Die Geschichte der Nationalsozialisten in Mainz nahm in einem unscheinbaren Haus in der Mainzer Altstadt ihren Anfang. Hier, zwischen dem Mainzer Staatstheater und dem Kostümladen „Deiters“, befand sich in den 1920er-Jahren das „Würzburger Bürgerbräu“.
Dort trafen sich an einem Tag Anfang 1925 drei „schnieke Herren“, wie Henrik Drechsler vom „Haus des Erinnerns – für Demokratie und Akzeptanz“ sie nennt: Fritz Walper, Karl Kasper und Peter Schwenk. Sie gründeten in der Kneipe in der Dominikanerstraße die Ortsgruppe der damals noch jungen NSDAP in Mainz. Großen Zulauf jedoch fand ihre Gruppe nicht, so Drechsler im Merkurist-Gespräch weiter. Gerade einmal 50 Mitglieder hatte sie nach einem halben Jahr laut dem Portal „Regionalgeschichte.net“.
Kirche verhinderte Erfolg des NSDAP in Mainz
Einer der Gründe für den ausbleibenden Erfolg war die katholische Kirche. „In Mainz waren mehr als 70 Prozent der hier lebenden Christen katholisch“, sagt Drechsler. „Und die Katholiken hatten mit der Zentrumspartei bereits eine Partei.“ Zudem folgten die Katholiken einem „Unvereinbarkeitsbeschluss“, der eine Mitgliedschaft in der NSDAP ausschloss. „Die Bindung an die katholische Kirche war also sehr viel stärker, als sie es heute ist“, so der Historiker.
Der zweite Punkt sei die Wirtschaft gewesen, so Drechsler weiter. Mainz sei damals stark industriell geprägt, viele der Bewohner in der Industrie beschäftigt gewesen, die vor allem in den rechtsrheinischen Gebieten ansässig war: in Amöneburg, Kostheim und Kastel. „Dementsprechend war Mainz relativ stark von der Arbeiterschaft geprägt, die traditionell bei den Sozialdemokraten, den Kommunisten oder den Gewerkschaften engagiert war. Und die bildeten einen starken Gegenpol zu den Nationalsozialisten“, sagt Drechsler.
Schwache Wahlergebnisse der NSDAP in Mainz
So seien auch die Wahlergebnisse der NSDP in Mainz lange Zeit relativ schwach gewesen, weit unter dem Reichsdurchschnitt und dem im rheinhessischen Umland, das protestantisch und landwirtschaftlich geprägt war. Bei der Reichstagswahl im Dezember 1924 erhielt die Partei gerade einmal 0,4 Prozent der Stimmen (damals noch als Nationalsozialistische Freiheitsbewegung).

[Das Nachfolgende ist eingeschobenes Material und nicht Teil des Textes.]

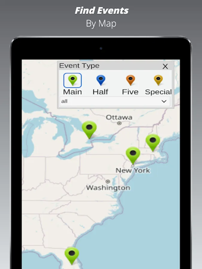 An app for outdoor events, initially designed for marathons and trekking, but any outdoor event venue will fit (cycling, races, festivals, etc.). The app hosts event based Organizations/Clubs that have content to share.

Die Mainzer Ortsgruppe löste sich bereits nach zwei Jahren wieder auf. Es habe interne Streitigkeiten gegeben, sagt Drechsler weiter. „Das war eine Zeit lang sehr chaotisch, mit viel Fluktuation.“ Dr. Hugo Wolf, der die Gruppe führte, verließ laut Regionalgeschichte.net ganz die Partei. Auch eine Neugründung hatte erst Jahre später Zulauf.
Bis 1930 war die NSDAP auch im Mainzer Stadtbild kaum präsent, da die französische Besatzungsmacht ein Uniformverbot erlassen hatte. Das änderte sich im Frühjahr 1930, als die Franzosen aus den linksrheinischen Gebieten abgezogen waren:
Großer Zulauf nach Abzug der Franzosen
Nun wurden auch die Treffen größer, die Versammlungen von kleinen Räumen in die Stadthalle verlegt, so viel Zulauf bekam die Ortsgruppe plötzlich. „Die Zahl der Mitglieder war so stark angestiegen, dass die Ortsgruppe jetzt in mehrere Sektionen aufgeteilt wurde“, heißt es bei Regionalgeschichte.net – darunter etwa Altstadt, Neustadt, Bahnhof, Gautor, Kastel, Kostheim und Mombach.
Schon im nächsten Jahr stattete Adolf Hitler Mainz seinen ersten Besuch ab: Im November 1931 sprach er vor Tausenden Zuhörern. Auch die Wahlergebnisse sahen jetzt ganz anders aus: Bei der Reichstagswahl im September 1930 errang die NSDAP 14,7 Prozent der Mainzer Stimmen, zweieinhalb Jahre später waren es dann 35,4 Prozent.